Lately, though, there has been more recognition that visitors don’t want to have their sensibilities protected from the real Africa. Some would welcome the chance to witness the realities of daily existence in some of the world’s poorest countries, even if they can then slip between crisply laundered sheets at the end of the day.
For many African nations, the most practicable way of improving their economy is through tourism, enticing affluent western visitors and their hard currencies. There may be a point to yelling long and loud about improving aid to Africa, but an immediate and enlightening option is to go see for yourself.
The packages here certainly aren’t for the budget-conscious crowd, but your money will make a difference, and it’s difficult to think of a trip that offers more real value, in every sense.
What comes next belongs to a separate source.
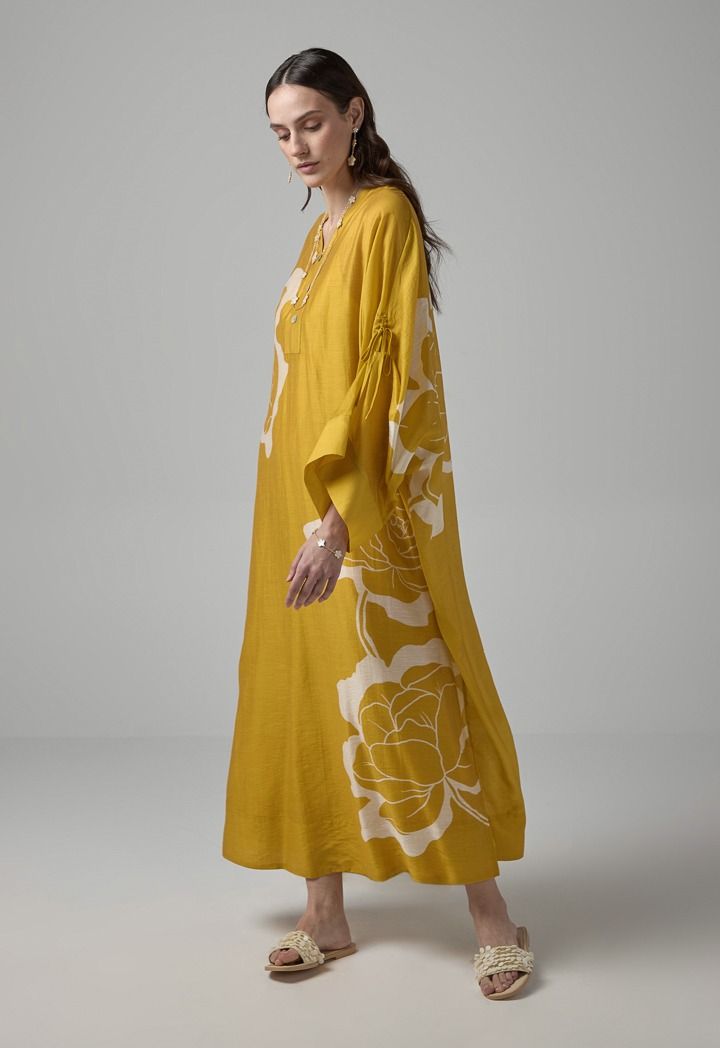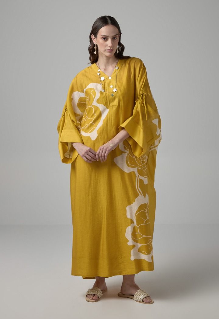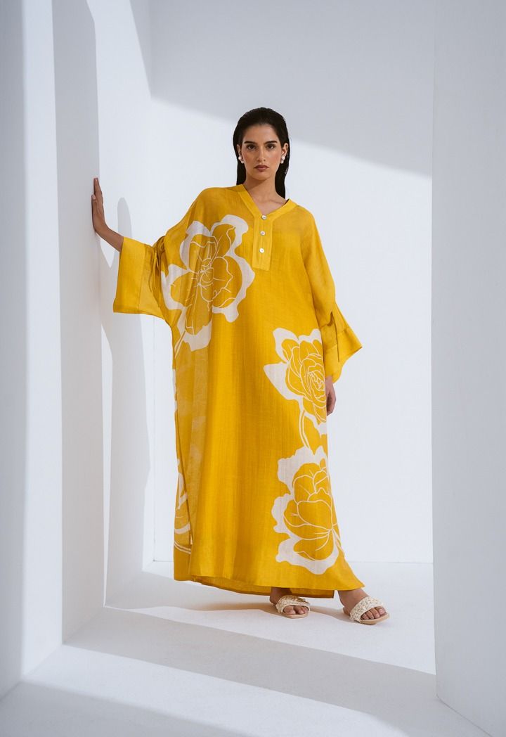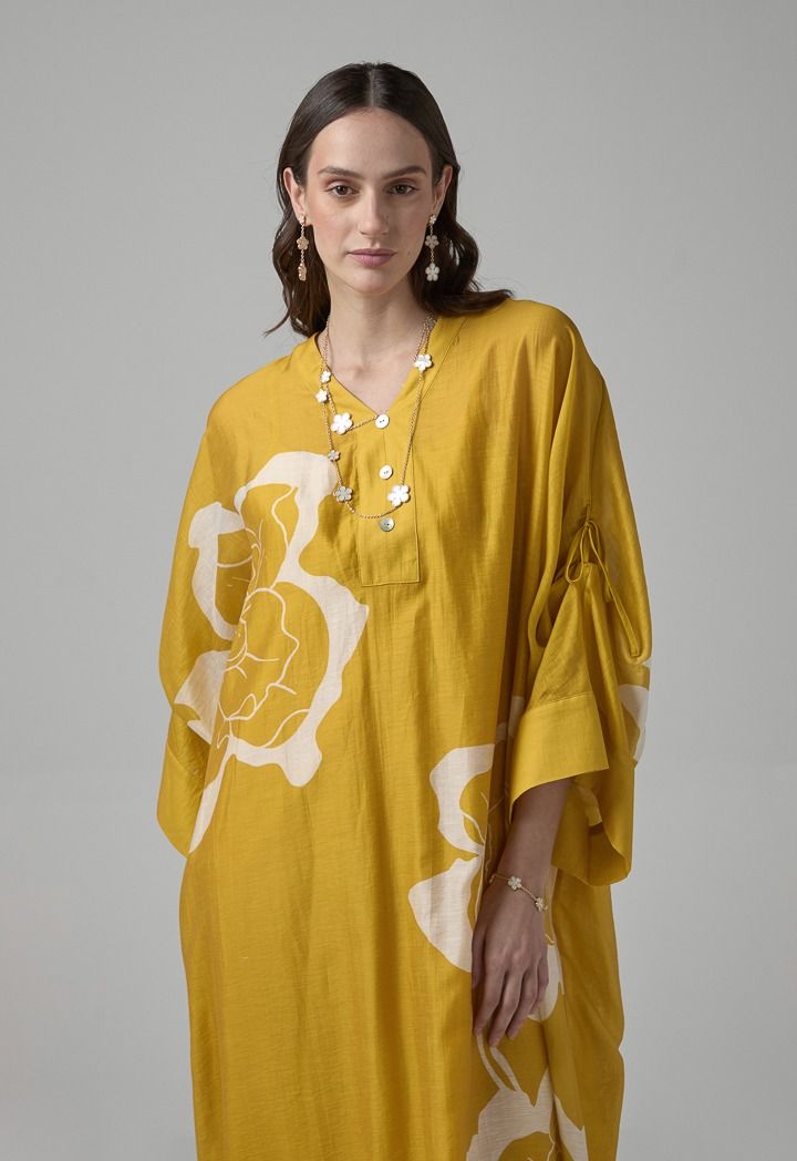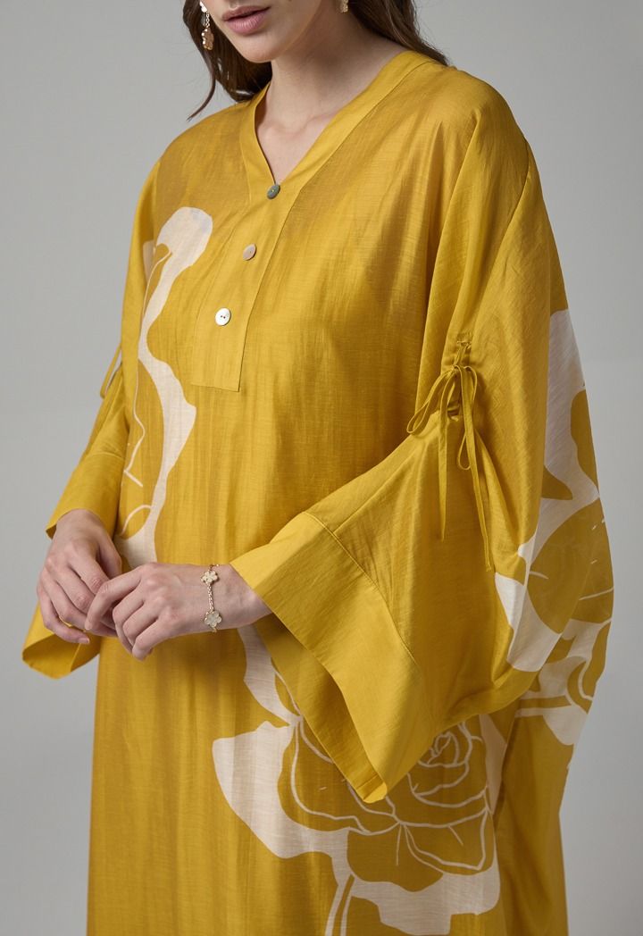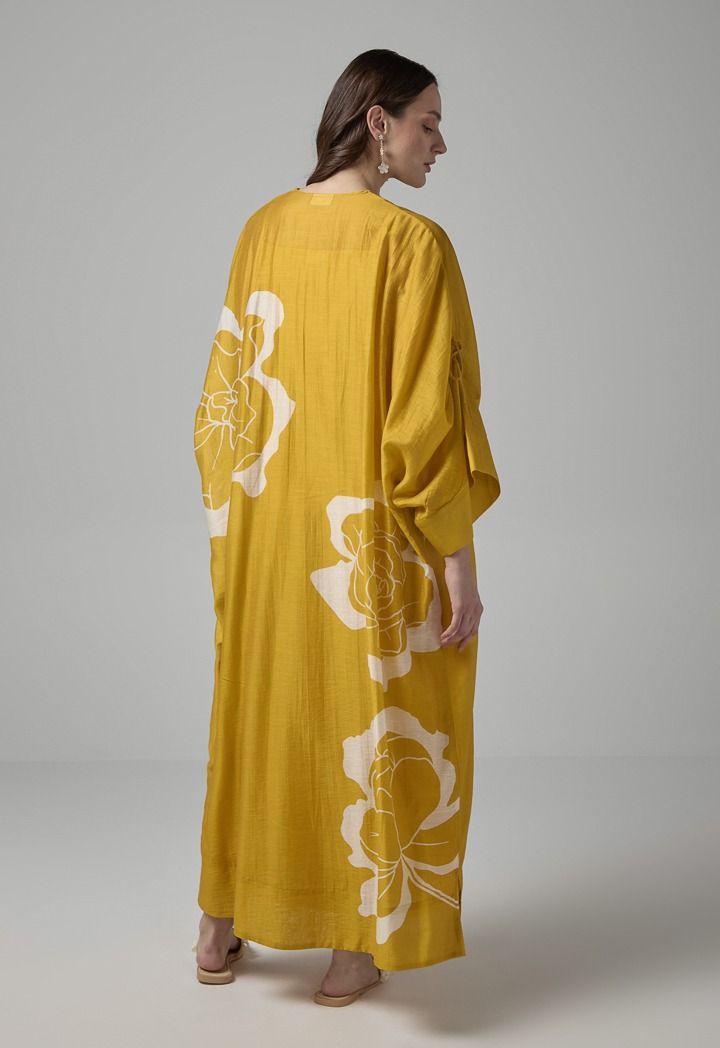 Design: Floral Printed, Oversize, Inner Sleeveless Dress, Buttons Details, Slit At Hem

Back to those monkeys. They are frolicking in the grounds of the Islands of Siankaba, a blissfully tranquil river lodge in the south of Zambia. Two forested islands in the middle of the Zambezi have been equipped with six elegant and comfortable chalets, all four-poster beds, river vistas and gilded bath fittings, joined by elevated walkways over foliage and streams.
Siankaba offers both a luxurious escape and the opportunity to remember you are in Africa, rather than a hermetically sealed paradise.
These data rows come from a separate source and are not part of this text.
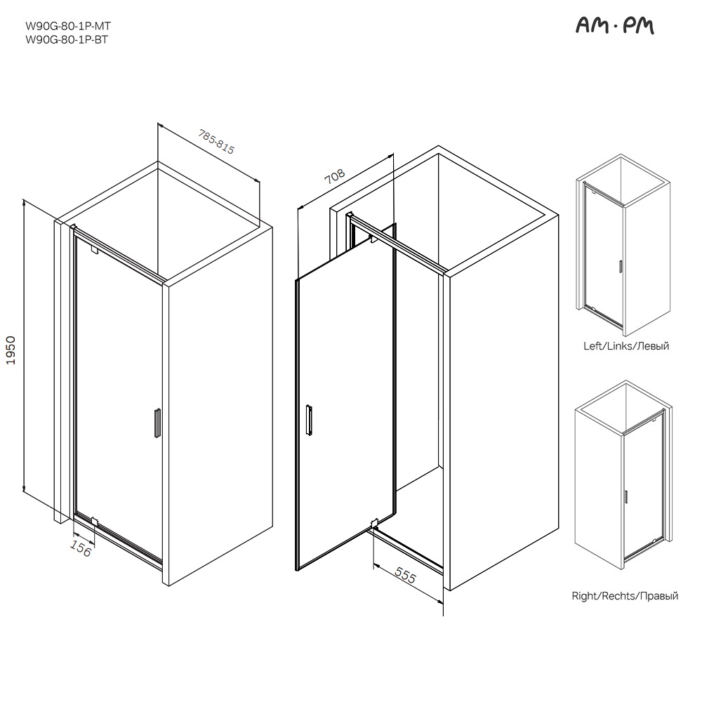 Душевая дверь AM.PM Gem 80x195 W90G-80-1P-MT профиль хром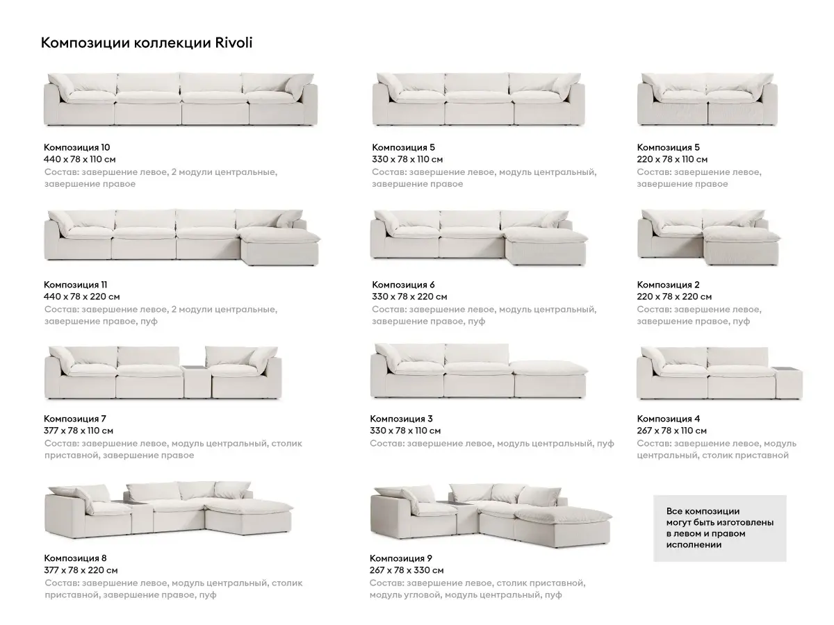 Диван Rivoli — новая классика, выраженная в чистых линиях, гармонии элементов и высоком качестве материалов. В основе дизайна — софт-минимализм с гибкой универсальностью и выверенным сочетанием пропорций. Деликатное взаимодействие четких линий каркаса с мягкими подушками сиденья и спинки обеспечивает сбалансированный внешний вид, транслирующий непринужденную статусность, эффект «дорогой простоты». Поэтому диван гармонично подружится как со спокойными аранжировками, так и с парадными стилизациями. Можно организовать привлекательное место для отдыха большой компанией в просторной гостиной или камерную локацию на компактной площади. Диван Rivoli — превосходный уровень комфорта и эстетики вашего интерьера! Диван «Rivoli» - модульный каркасный диван, состоящий из модулей, соединенных механизмом «крокодил». Каркас модулей монолитный, подлокотники не съемные. Каждый модуль комплектуется индивидуальной покровной подушкой, зафиксированной на карабины. Сидениедивана корпуса мягкое, дополнительную мягкость изделию придают верхние покровные мягкие перьевые подушки. Диван установлен на опору пластиковую со штырем – h 30мм. Лицевой чехол каркаса изделия - несъемный. Лицевой чехол покровных подушек- съемный, на молнии.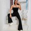 Mono Sexy sin Tirantes con Top Tubo de Color Sólido para Mujer, de Venta Caliente, Stock de Comercio Exterior, Europeo y Americano, Transfronterizo, con Pantalones Acampanados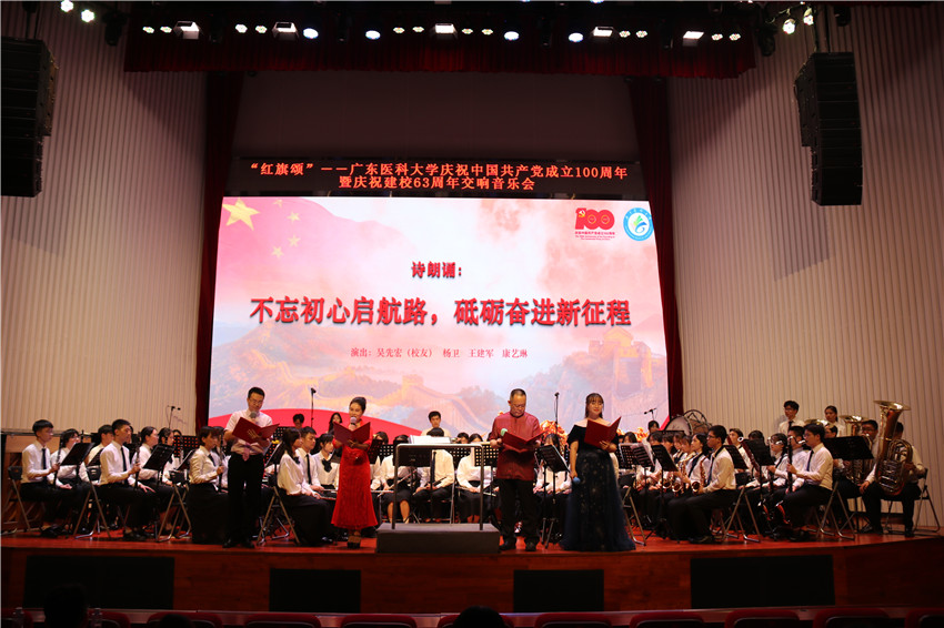 由校友吴先宏、王建军、杨卫、康艺林共同朗诵的《不忘初心启航路、砥砺奋进新征程》向广大师生展示了ac米兰波澜壮阔的63年征程路,一副副一帧帧不能忘却的画卷,引领着我们前行。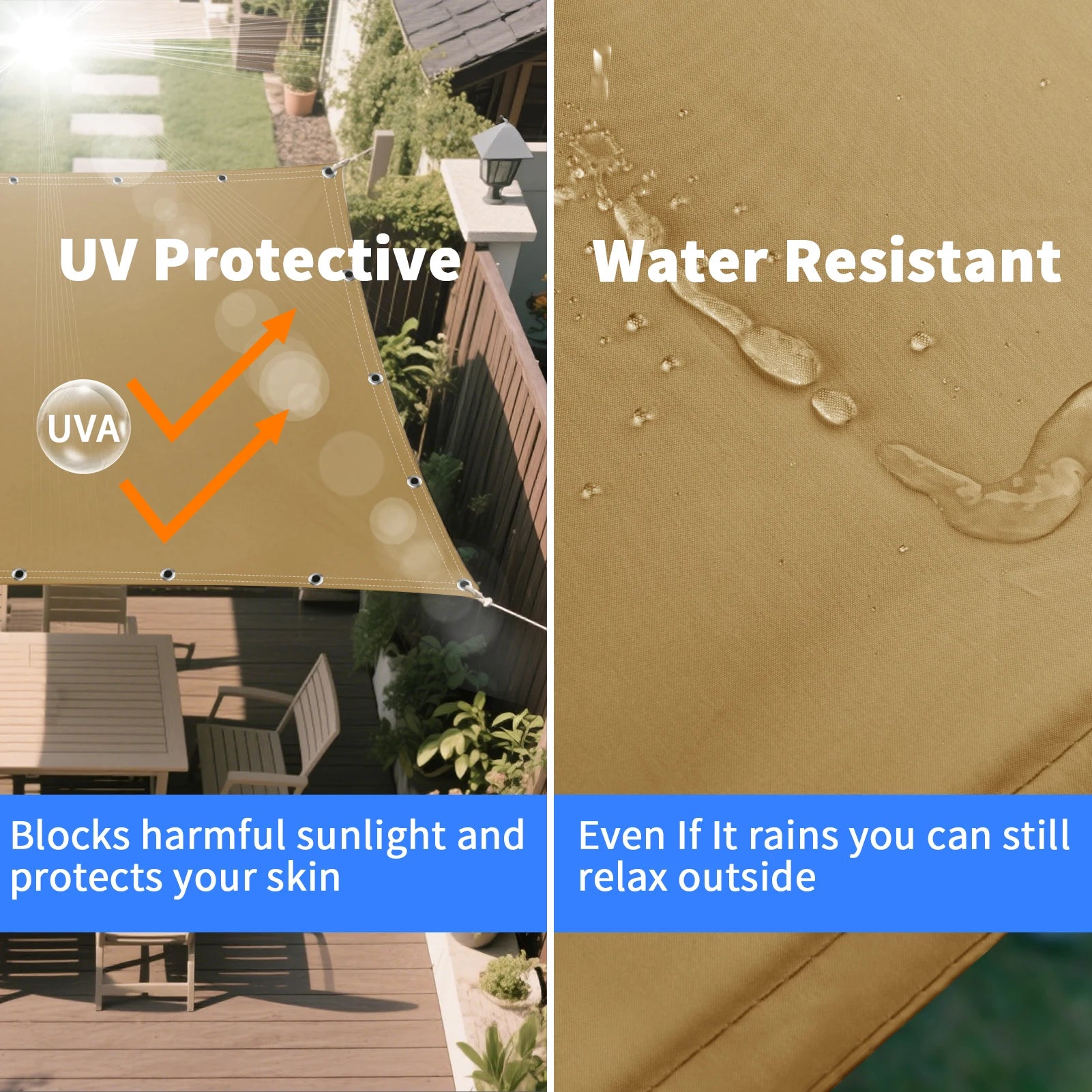 High quality: Shade sail made of 100% high quality and dense polyester fabric, can effectively achieve 95% UV protection and 90% shade rate. Can drastically reduce the temperature and create a cool, comfortable outdoor area. This outdoor shade sail is UV protected, waterproof, tear-resistant and can reach.

In the realm of statistics, Zambia might seem consigned to oblivion. The starker numbers tell us that life expectancy is 33 years, that half the population will die from Aids, that the government spends £250m a year on debt repayments, and half of that figure on education.
Up close, it seems less bleak. Tourism is already benefiting from the “Zimbabwe effect”, as Robert Mugabe’s reign of terror incites visitors to switch to a saner nation on the other side of the Zambezi.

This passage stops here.